> [WHAT IS BEING ASKED]
Copy out every entry that follows, without a single picture.

━━━━━ MATERIAL FOR THE TASK ━━━━━

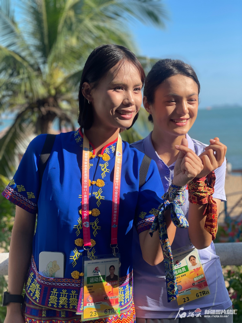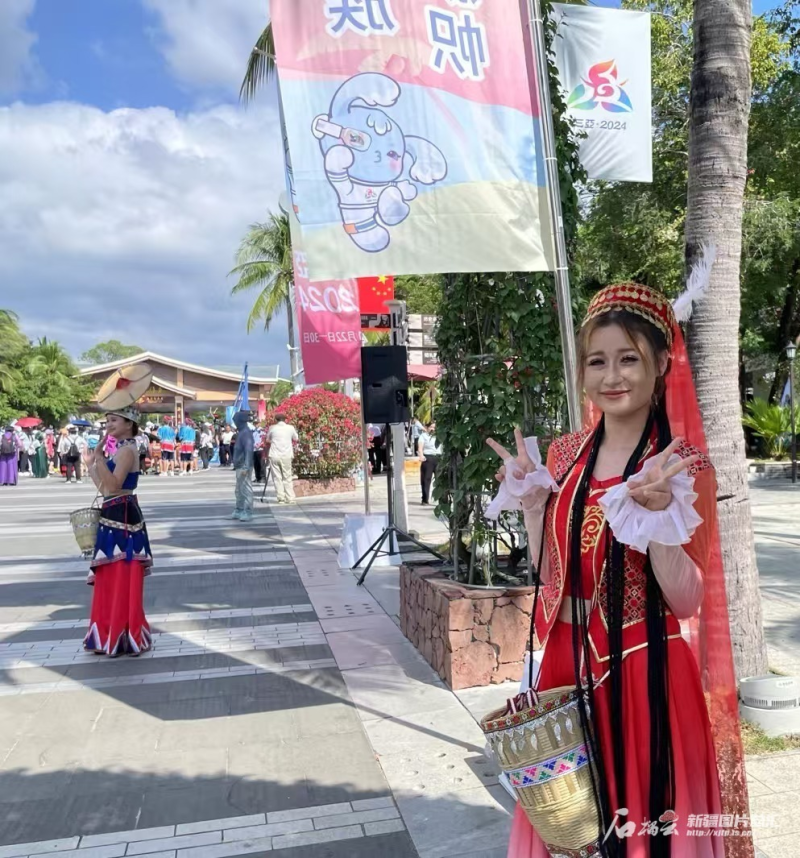 歡迎儀式的人群中,一頭麻花辮的艾麗非熱·艾爾肯非常引人注意,很多運動員前去與她合影,“我們排練一個月了,我要用最好的狀態(tài)為運動員加油,今天看見了很多家鄉(xiāng)的運動員,特別激動,等我表演完就去找他們合影?!卑惙菬峤榻B,她家在新疆阿克蘇,在三亞理工職業(yè)學院上大二,這幾天每天都在關注運動會的各類信息。
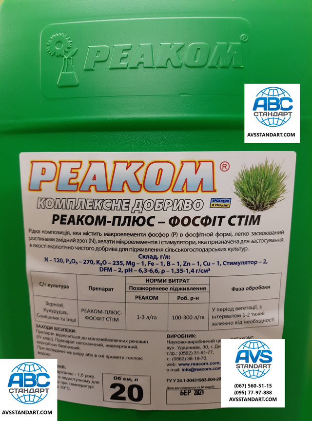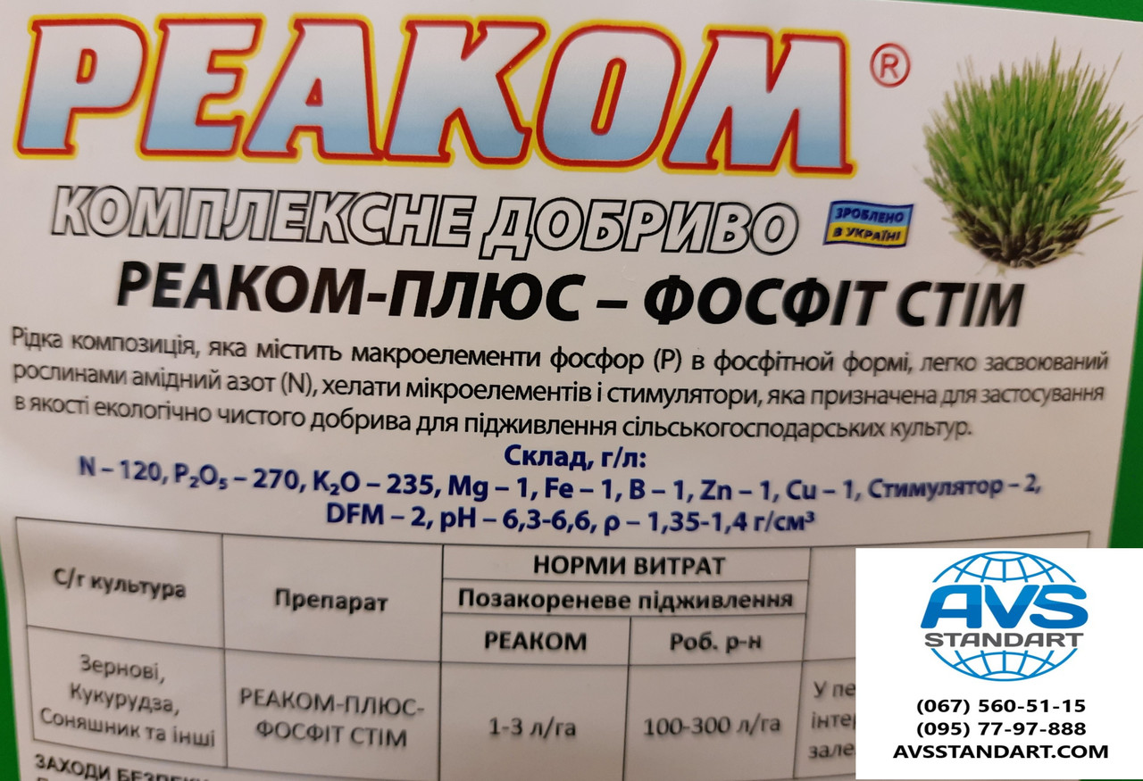 Рідке Комплексне Добриво на Соняшник РЕАКОМ-ПЛЮС-ФОСФІТ СТІМ NPK 12-27-23 з мікроелементами та двома стимуляторами росту Ауксин і Крезоцин.
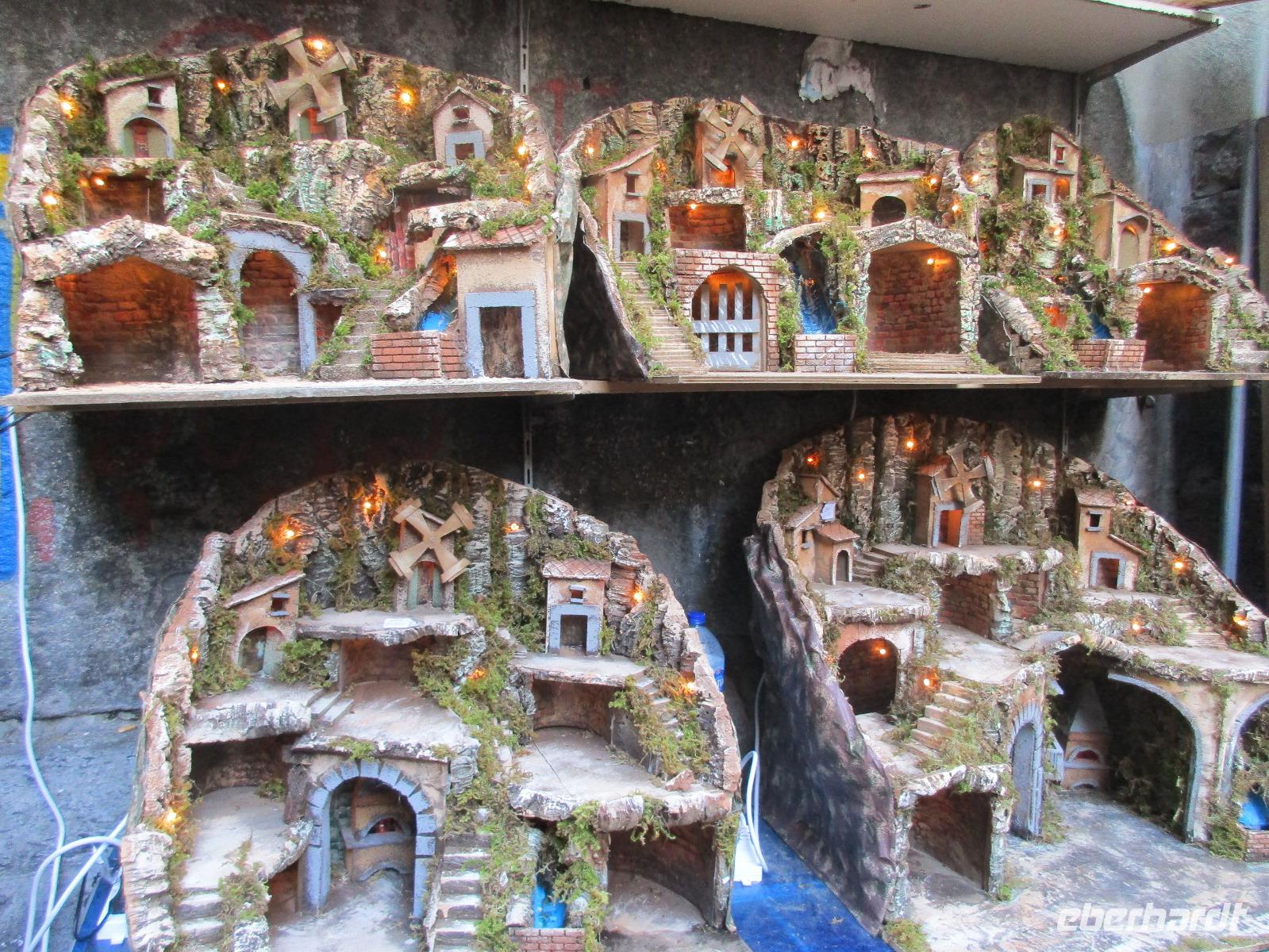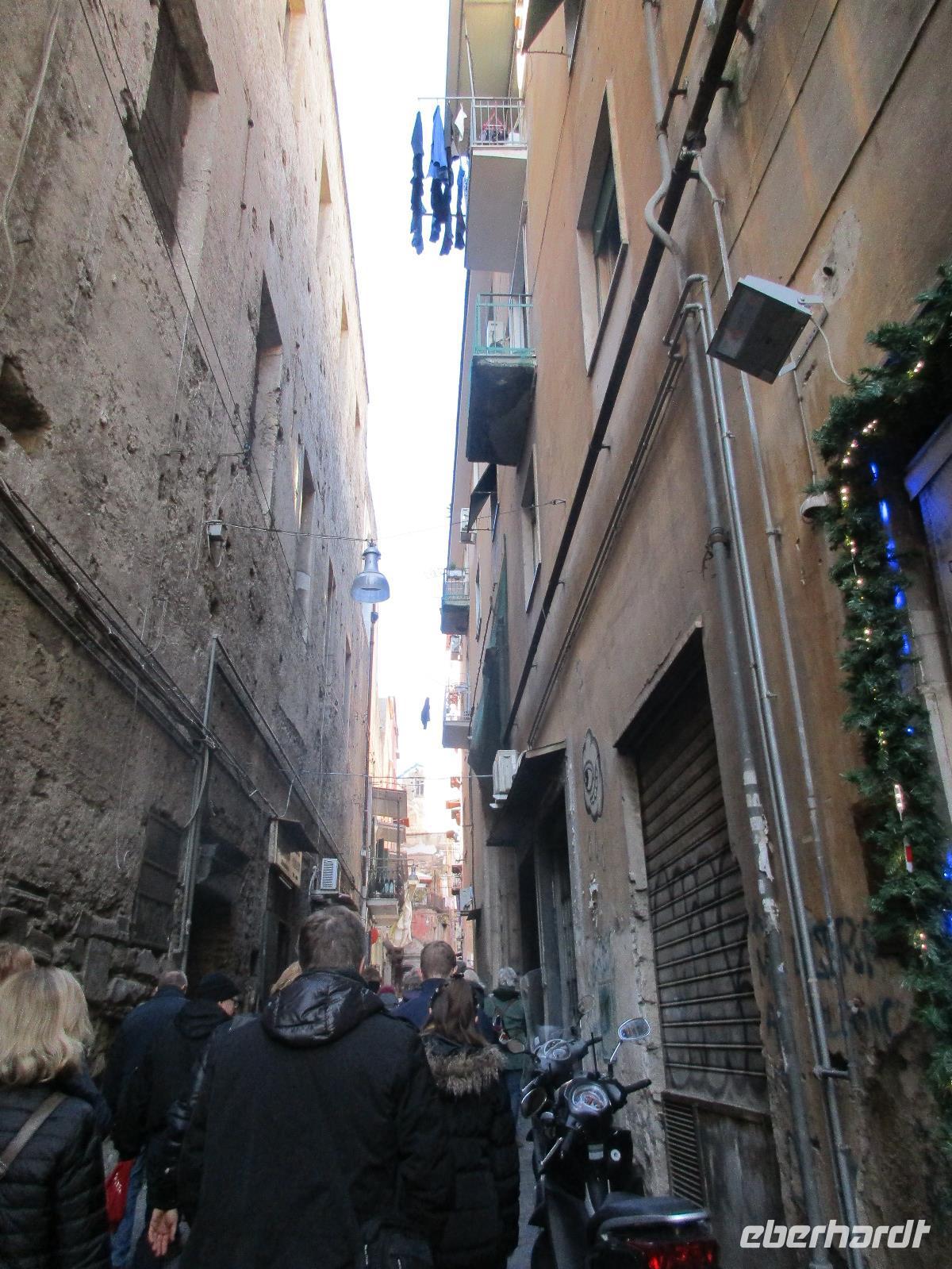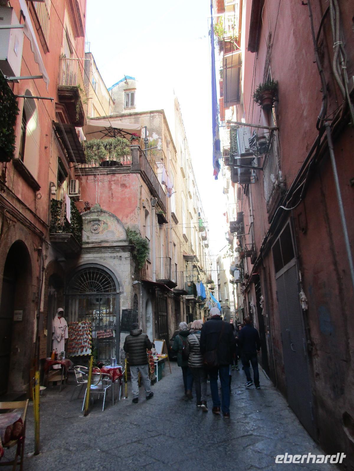 Auf dem Weg zum Mittagessen sehen wir noch eine kleine Krippensammlung und gehen durch die Krippenstraße Neapels.
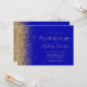 A borda esquerda deste elegante convite de casamento moderno apresenta uma borda falsa de ouro. O texto personalizável combina manuscrito dourado, copperplate e fontes itálicas em um fundo azul real. O verso apresenta um design de brilho azul real correspondente e ouro.
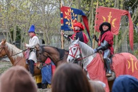 W obrębie parafii pw. Podwyższenia Krzyża Świętego na uczestników czekała starodawna osada. W licznych namiotach prezentowano zbroje, hełmy, tarcze oraz miecze, a także narzędzia i przedmioty codziennego użytku sprzed wieków. Wiedzę na ich temat przekazywali pasjonaci z grupy rekonstrukcyjnej Gdańska Rota Mieszczańska. Warsztatom towarzyszyła muzyka dawna grana na żywo przez członków rumskiego zespołu „Góra Trolla”. Równocześnie chętni mogli zwiedzić z przewodnikiem zabytkowe ruiny oraz wnętrza kościoła pw. Podwyższenia Krzyża Świętego.
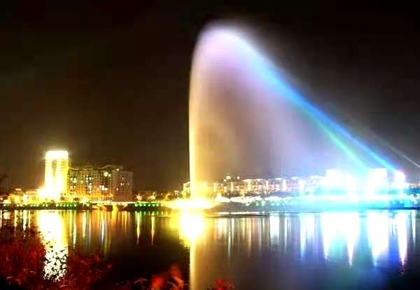 亚洲第一高喷泉位于河源新丰江江面上,
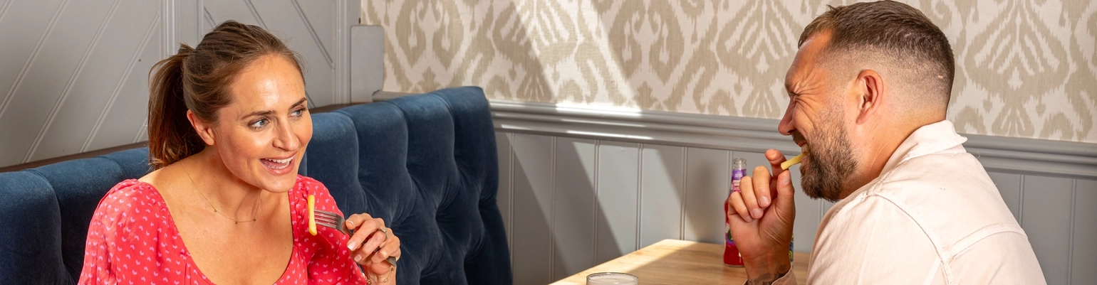 An image of 2 people enjoying burgers and drinks within the interior restaurant and seating area at a Hungry Horse venue.
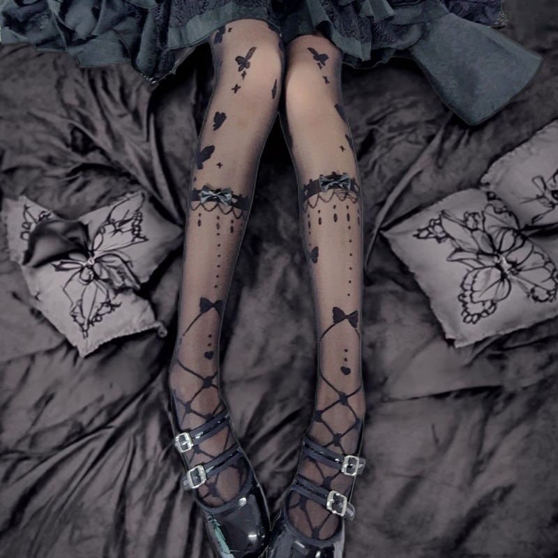 Lolita{蝶花之恋}甜心薄款提花日系女夏薄款系洛丽塔蝴蝶结连裤袜
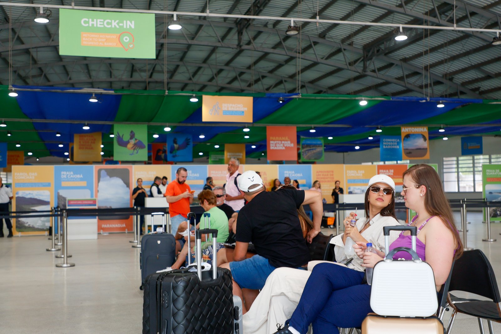 EMBARQUES – Os passageiros realizam os embarques através do Complexo Mega Rocio, que passou por uma revitalização para oferecer mais conforto aos turistas. Após os procedimentos de check-in, o navio segue viagem em direção a Santa Catarina.
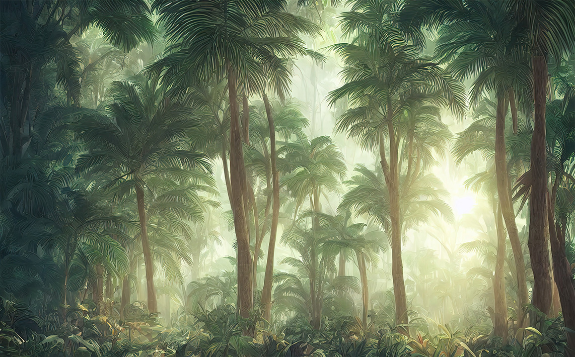 Tranh dán tường phong cách tropical nhiệt đới đặc biệt với màu xanh dịu mát làm chủ đạo và các họa tiết từ thiên nhiên như lá cọ, lá dừa… Thoải mái, thanh bình, thư giãn, gần gũi là tất cả cung bậc cảm xúc mà tranh dán tường phong cách Tropical trong thiết kế nội thất mang đến cho không gian sống.
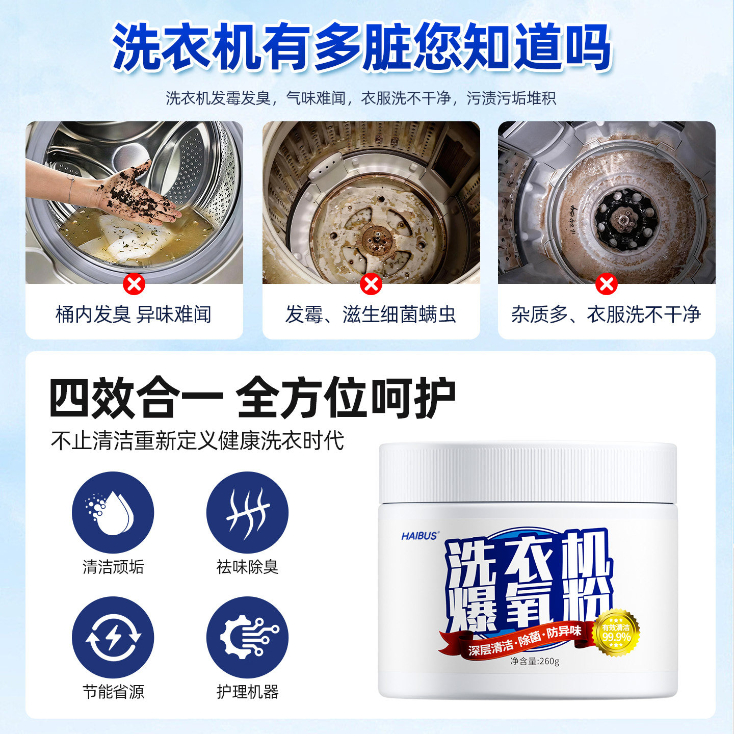 水卫士洗衣机清洗剂深层清洁除垢除菌活氧去污
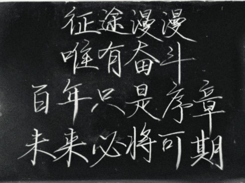 本次活动沿袭了律委会举办多年“三言两语书真情”活动,但不同于以往明信片、小纸条、朋友圈留言等形式,今年公司确定了以写黑板字拍照上传的形式进行。既结合了师范生粉笔字日常练习的特点,作为载体的小黑板也为“三言两语”书写的布局和整体结构提出了潜在的要求。本次活动得到同学们的积极响应,共收集到作品94份。内容包括了学习党史后的感悟、对榜样的景仰、对青春的起誓、对时代的承诺等,苍劲有力的字体,整洁舒适的排版,缤纷灿烂的点缀,磅礴大气的誓词,让人感受到文字与书写的力量。

━━━━━

> [WORKED SOLUTION]
 歡迎儀式的人群中,一頭麻花辮的艾麗非熱·艾爾肯非常引人注意,很多運動員前去與她合影,“我們排練一個月了,我要用最好的狀態(tài)為運動員加油,今天看見了很多家鄉(xiāng)的運動員,特別激動,等我表演完就去找他們合影?!卑惙菬峤榻B,她家在新疆阿克蘇,在三亞理工職業(yè)學院上大二,這幾天每天都在關注運動會的各類信息。
 Рідке Комплексне Добриво на Соняшник РЕАКОМ-ПЛЮС-ФОСФІТ СТІМ NPK 12-27-23 з мікроелементами та двома стимуляторами росту Ауксин і Крезоцин.
 Auf dem Weg zum Mittagessen sehen wir noch eine kleine Krippensammlung und gehen durch die Krippenstraße Neapels.
 A borda esquerda deste elegante convite de casamento moderno apresenta uma borda falsa de ouro. O texto personalizável combina manuscrito dourado, copperplate e fontes itálicas em um fundo azul real. O verso apresenta um design de brilho azul real correspondente e ouro.
 W obrębie parafii pw. Podwyższenia Krzyża Świętego na uczestników czekała starodawna osada. W licznych namiotach prezentowano zbroje, hełmy, tarcze oraz miecze, a także narzędzia i przedmioty codziennego użytku sprzed wieków. Wiedzę na ich temat przekazywali pasjonaci z grupy rekonstrukcyjnej Gdańska Rota Mieszczańska. Warsztatom towarzyszyła muzyka dawna grana na żywo przez członków rumskiego zespołu „Góra Trolla”. Równocześnie chętni mogli zwiedzić z przewodnikiem zabytkowe ruiny oraz wnętrza kościoła pw. Podwyższenia Krzyża Świętego.
 亚洲第一高喷泉位于河源新丰江江面上,
 An image of 2 people enjoying burgers and drinks within the interior restaurant and seating area at a Hungry Horse venue.
 Lolita{蝶花之恋}甜心薄款提花日系女夏薄款系洛丽塔蝴蝶结连裤袜
 EMBARQUES – Os passageiros realizam os embarques através do Complexo Mega Rocio, que passou por uma revitalização para oferecer mais conforto aos turistas. Após os procedimentos de check-in, o navio segue viagem em direção a Santa Catarina.
 Tranh dán tường phong cách tropical nhiệt đới đặc biệt với màu xanh dịu mát làm chủ đạo và các họa tiết từ thiên nhiên như lá cọ, lá dừa… Thoải mái, thanh bình, thư giãn, gần gũi là tất cả cung bậc cảm xúc mà tranh dán tường phong cách Tropical trong thiết kế nội thất mang đến cho không gian sống.
 水卫士洗衣机清洗剂深层清洁除垢除菌活氧去污
 本次活动沿袭了律委会举办多年“三言两语书真情”活动,但不同于以往明信片、小纸条、朋友圈留言等形式,今年公司确定了以写黑板字拍照上传的形式进行。既结合了师范生粉笔字日常练习的特点,作为载体的小黑板也为“三言两语”书写的布局和整体结构提出了潜在的要求。本次活动得到同学们的积极响应,共收集到作品94份。内容包括了学习党史后的感悟、对榜样的景仰、对青春的起誓、对时代的承诺等,苍劲有力的字体,整洁舒适的排版,缤纷灿烂的点缀,磅礴大气的誓词,让人感受到文字与书写的力量。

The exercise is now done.